[Records from a collection]
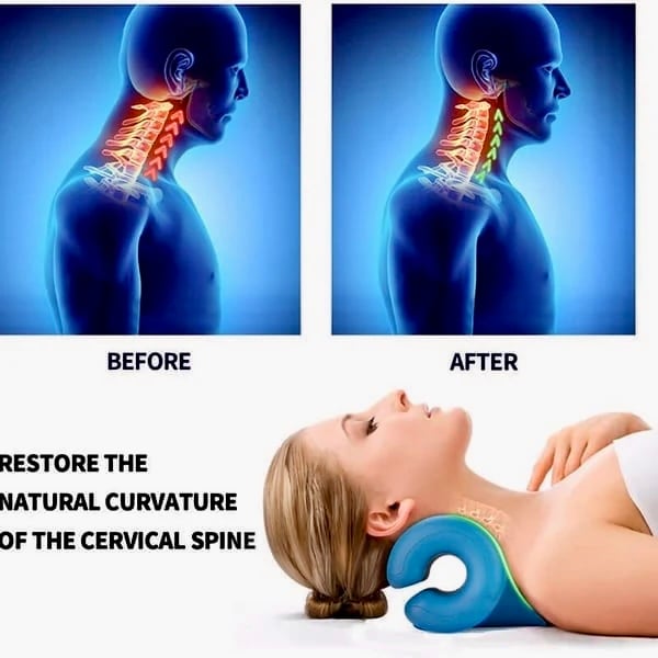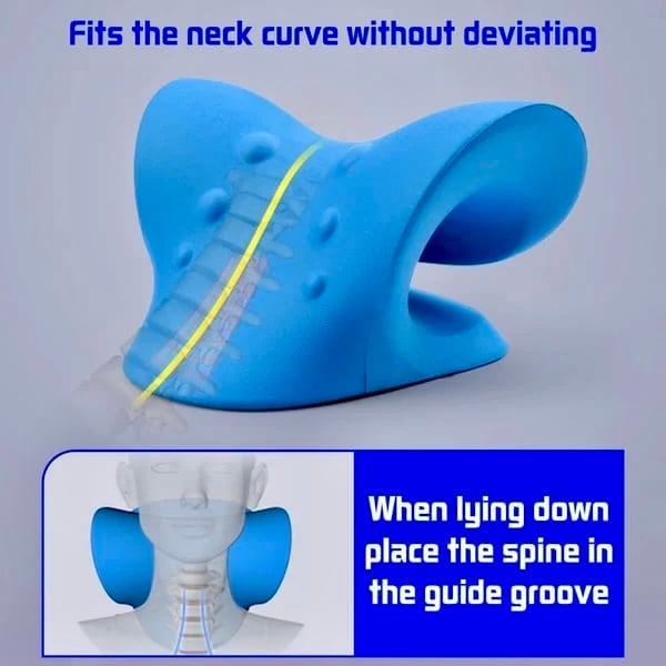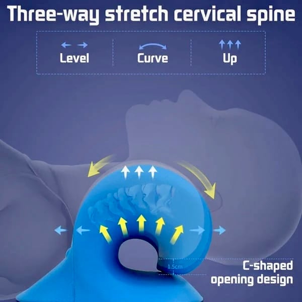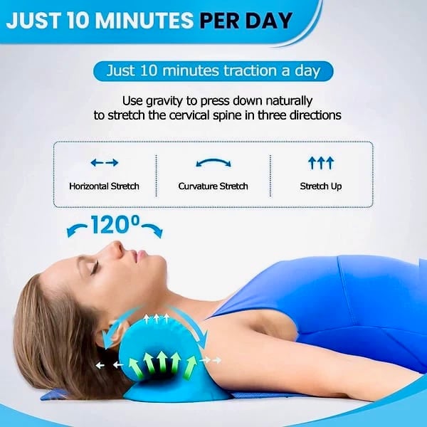 The Cervical Traction Pillow gently and naturally stretches your neck in order to help decompress your spine, increase blood flow, and circulation, and stretch your muscles while helping to align the cervical curve.
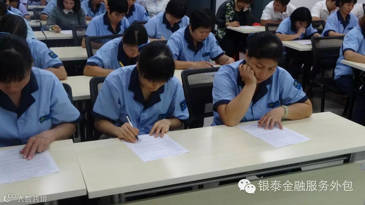 培训后对保洁员进行上岗证“考核”(笔试),大家认真答题,场内秩序井然,形成良好的学习气氛。
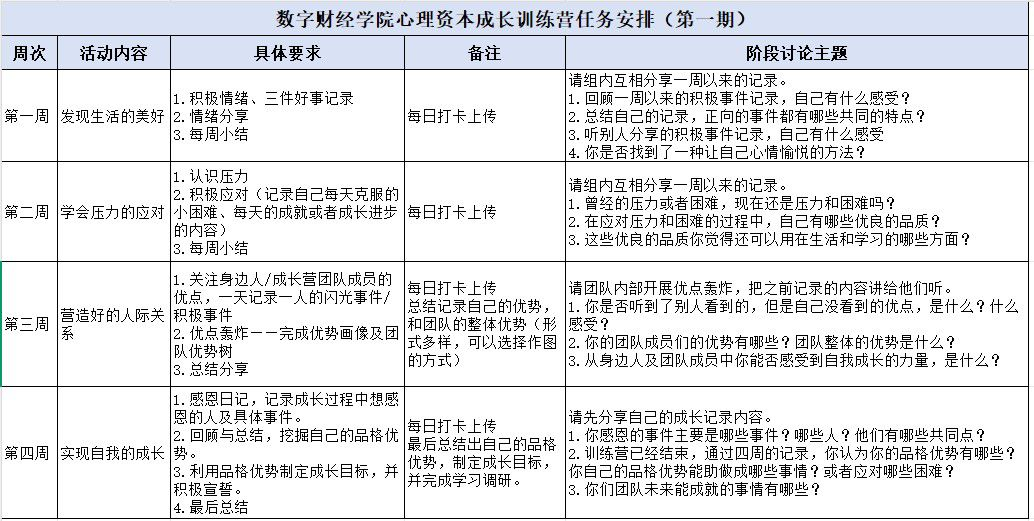 訓(xùn)練營以“發(fā)現(xiàn)生活的美好——學(xué)會(huì)壓力的應(yīng)對(duì)——營造和諧人際關(guān)系——實(shí)現(xiàn)自我成長突破”為主線,創(chuàng)新四大模塊,打破傳統(tǒng)局限,采用“個(gè)人探索+團(tuán)隊(duì)協(xié)作”雙線模式,引導(dǎo)學(xué)生認(rèn)知重塑與行為轉(zhuǎn)化。
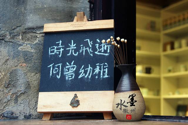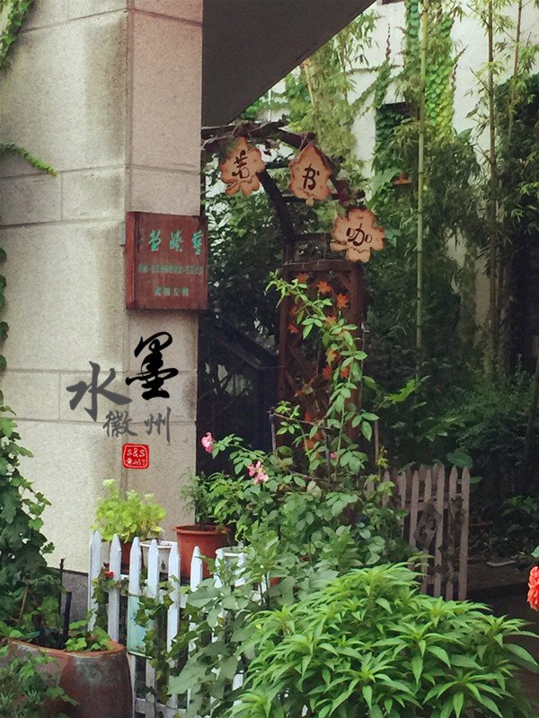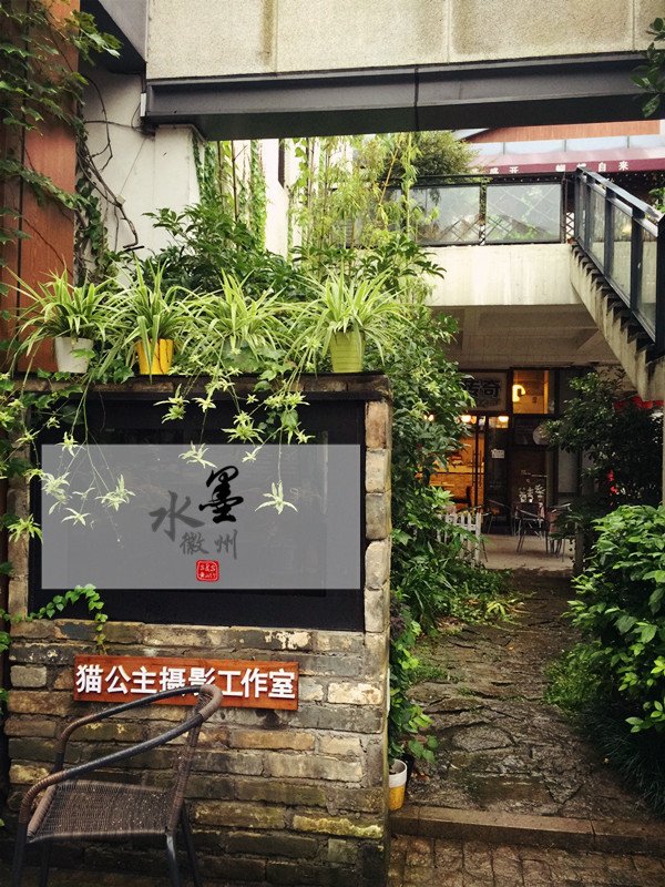 除了从雨中的“黎阳老街”牌匾读出了水墨风,整个街区的风格跟其他地方的创意园没有差,咖啡厅、书店、花房、餐馆、创意工作室。满屏的花花草草让我们忘了欣赏徽派建筑原本的模样。
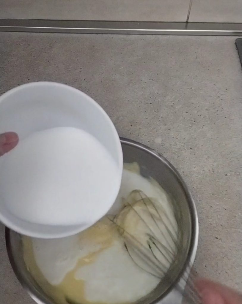 Geben Sie die Eigelbe und den Zucker in eine Schüssel. Schlagen Sie sie mit einem Schneebesen, bis die Mischung schaumig wird. Beiseitestellen.
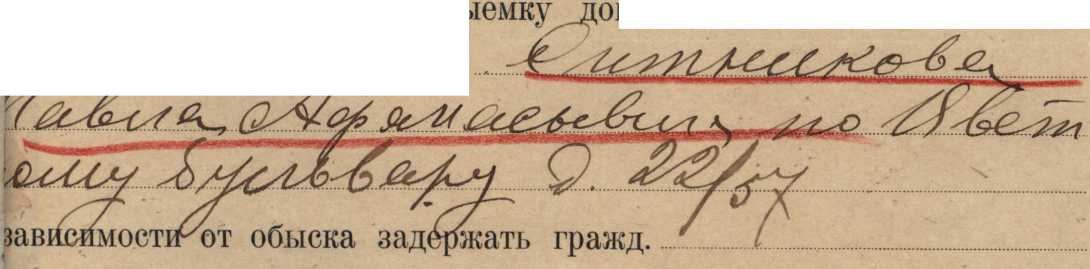 Павел Афанасьевич Ситников жил в Москве по адресу: Цветной бульвар, 22, кв. 57.
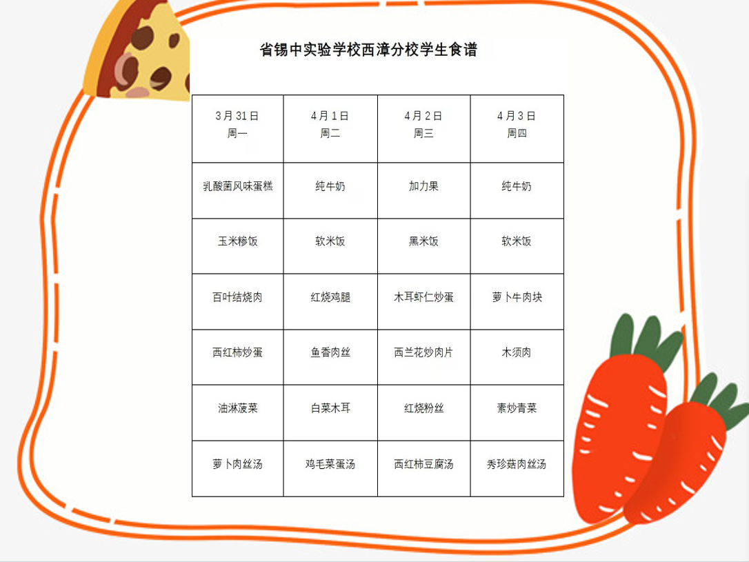 省锡实西漳分校每周学生菜单(3月31日——4月3日)
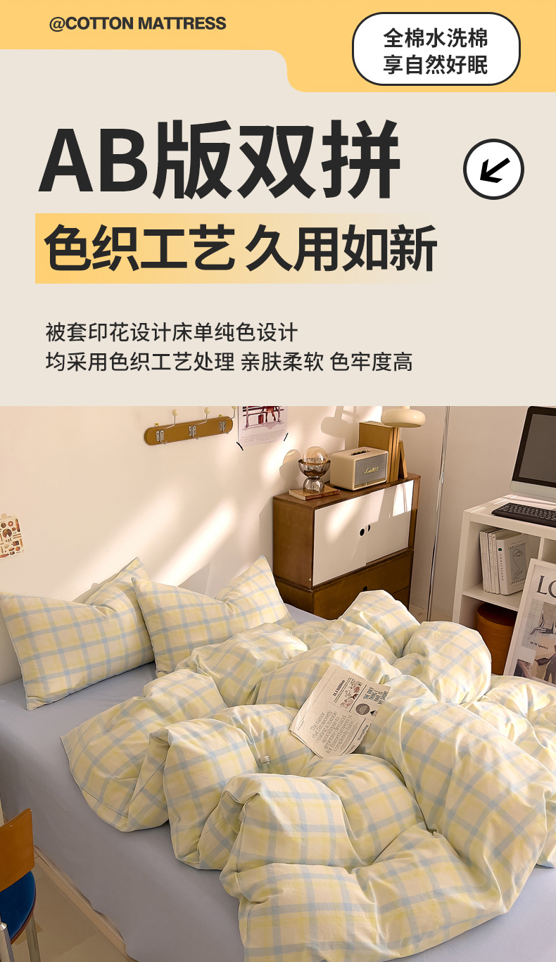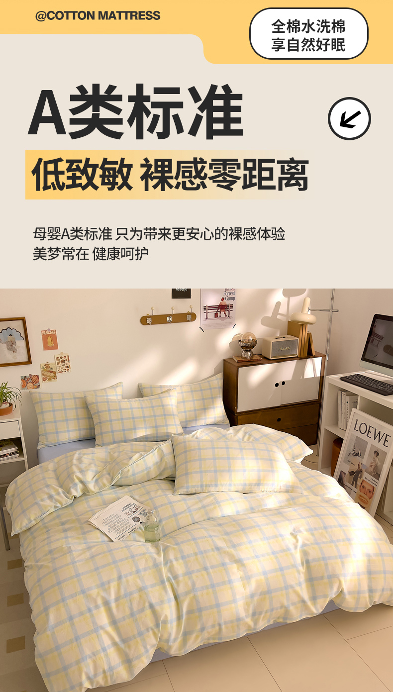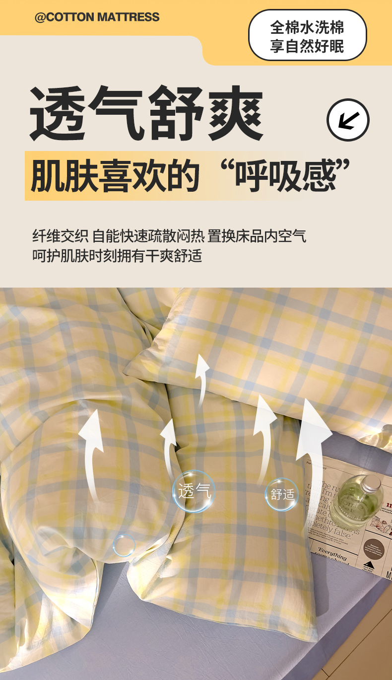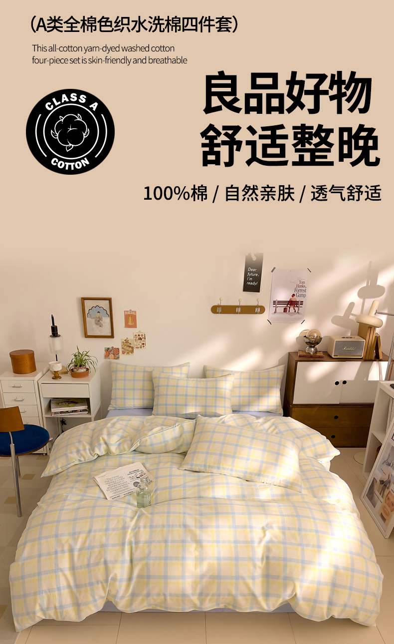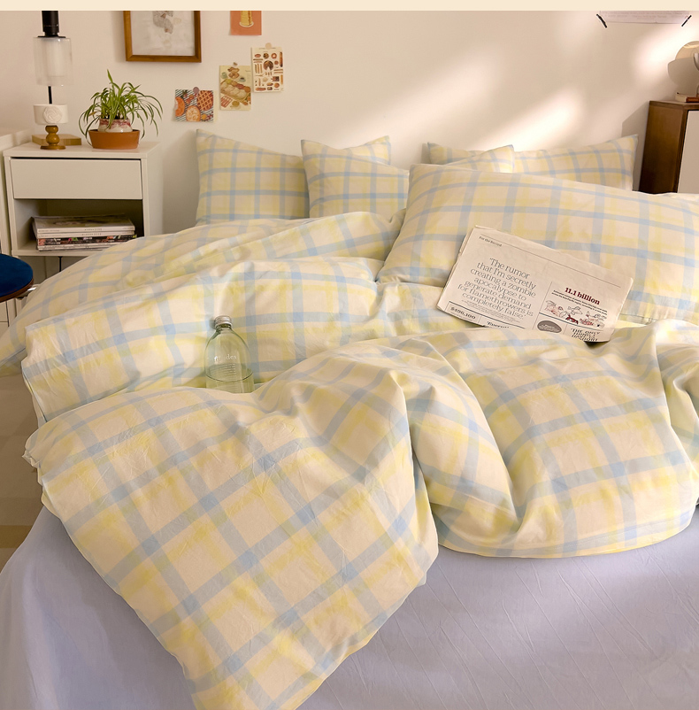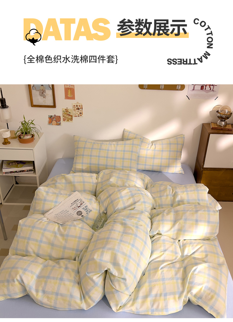 当前位置: 91家纺网 > 商品网购 > 床品套件 > 四件套 > 全棉普通四件套 > DoDo 兜兜 2026新款全棉纯棉A类条格水洗棉四件套-可定做尺寸 禾里-黄蓝
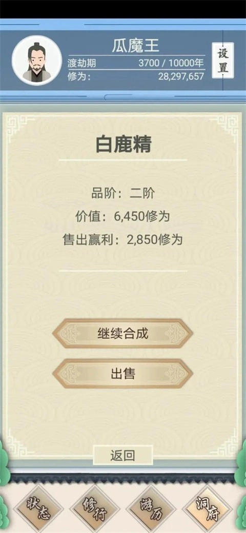 所以最划算的做法是每次选两个猫妖合成,合成白鹿精后就卖掉。等有了仙树,每轮这几千修为的收益就显得比较少了,加上操作麻烦又费时间,我通常就直接放弃这种做法了。
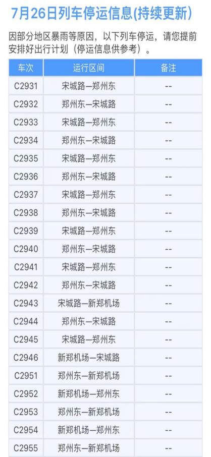 图:中央气象台受台风“烟花”影响,7月25日下午至上海方向列车陆续停运,7月26日列车停运信息持续更新中。
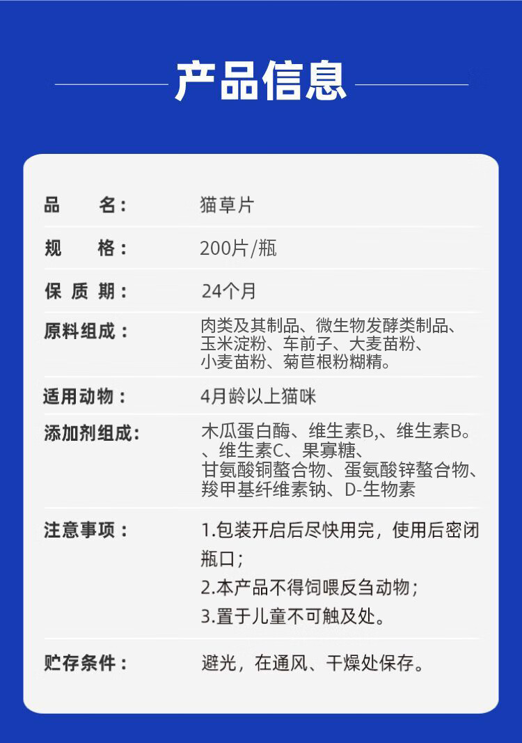 兽护神猫草化毛球片猫咪促进排毛化毛去毛猫草片植物纤维营养补充剂 一瓶猫草化毛片200片

### Work instructions:
What you output must match the data exactly, apart from the pictures, which are left out.

### Response:
 The Cervical Traction Pillow gently and naturally stretches your neck in order to help decompress your spine, increase blood flow, and circulation, and stretch your muscles while helping to align the cervical curve.
 培训后对保洁员进行上岗证“考核”(笔试),大家认真答题,场内秩序井然,形成良好的学习气氛。
 訓(xùn)練營以“發(fā)現(xiàn)生活的美好——學(xué)會(huì)壓力的應(yīng)對(duì)——營造和諧人際關(guān)系——實(shí)現(xiàn)自我成長突破”為主線,創(chuàng)新四大模塊,打破傳統(tǒng)局限,采用“個(gè)人探索+團(tuán)隊(duì)協(xié)作”雙線模式,引導(dǎo)學(xué)生認(rèn)知重塑與行為轉(zhuǎn)化。
 除了从雨中的“黎阳老街”牌匾读出了水墨风,整个街区的风格跟其他地方的创意园没有差,咖啡厅、书店、花房、餐馆、创意工作室。满屏的花花草草让我们忘了欣赏徽派建筑原本的模样。
 Geben Sie die Eigelbe und den Zucker in eine Schüssel. Schlagen Sie sie mit einem Schneebesen, bis die Mischung schaumig wird. Beiseitestellen.
 Павел Афанасьевич Ситников жил в Москве по адресу: Цветной бульвар, 22, кв. 57.
 省锡实西漳分校每周学生菜单(3月31日——4月3日)
 当前位置: 91家纺网 > 商品网购 > 床品套件 > 四件套 > 全棉普通四件套 > DoDo 兜兜 2026新款全棉纯棉A类条格水洗棉四件套-可定做尺寸 禾里-黄蓝
 所以最划算的做法是每次选两个猫妖合成,合成白鹿精后就卖掉。等有了仙树,每轮这几千修为的收益就显得比较少了,加上操作麻烦又费时间,我通常就直接放弃这种做法了。
 图:中央气象台受台风“烟花”影响,7月25日下午至上海方向列车陆续停运,7月26日列车停运信息持续更新中。
 兽护神猫草化毛球片猫咪促进排毛化毛去毛猫草片植物纤维营养补充剂 一瓶猫草化毛片200片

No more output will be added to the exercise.